Действительно, политические и культурные связи между Лангедоком и Лорагэ, с одной стороны, и Каталонией и Арагоном — с другой, были весьма тесными. Пиренейские пастухи пасли свои стада и в Каталонии, и в Лангедоке, свободно передвигались между этими землями, и их представления о границах между ними были достаточно смутными. То же самое верно и в отношении землевладельцев Арагона и Южной Франции. В начале тринадцатого века правители Южной Франции были связаны с Арагоном в ничуть не меньшей степени, нежели с графами Тулузскими, не говоря уже о северофранцузских властях. Во второй половине двенадцатого века графы Барселонские Раймонд Беренгар IV и Алонсо II постоянно пытались распространить свою власть к северу от Пиреней. Более того, виконты Безье, Каркассона и Раза были вассалами графов Барселонских и соответственно короля Арагона. И уже в начале войны король Арагона Петр II был сюзереном Раймона-Роже Тренкавеля, чьи земли подверглись нападению и разграблению крестоносцами раньше других, и Раймона-Роже из Фуа.

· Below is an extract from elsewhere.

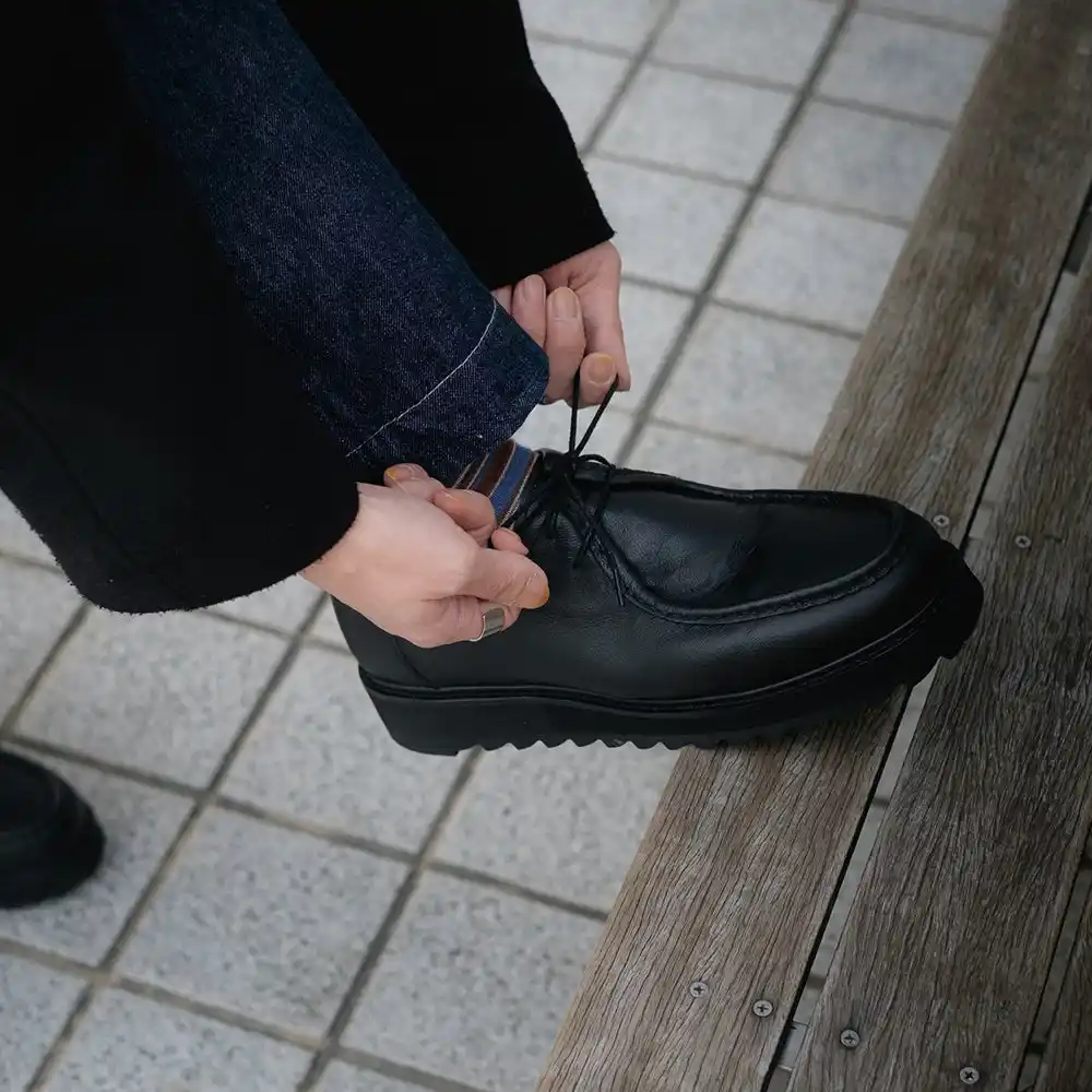 ぽってりトゥ×重心低め。ワーク、アウトドア、機材持ち歩き派にちょうどいい。 |

Кроме того, архиепископом Нарбоннским, бывшим одним из самых могущественных местных властителей, был Беренгар, сын графа Барселонского. Он оставался архиепископом Нарбоннским во время всего периода, предшествовавшего крестовым походам, с 1190 по 1212 год, пока «не был отстранен и заменен папским легатом Арнальдом Амальриком». С другой стороны, Роджер Коммингский, виконт Кузеранский, владел землями в Каталонии, которые сообщались с его землями на Юге Франции через перевал Салу. Наконец, Раймонд IV Тулузский был женат на Элеаноре, сестре Петра II, короля Арагона.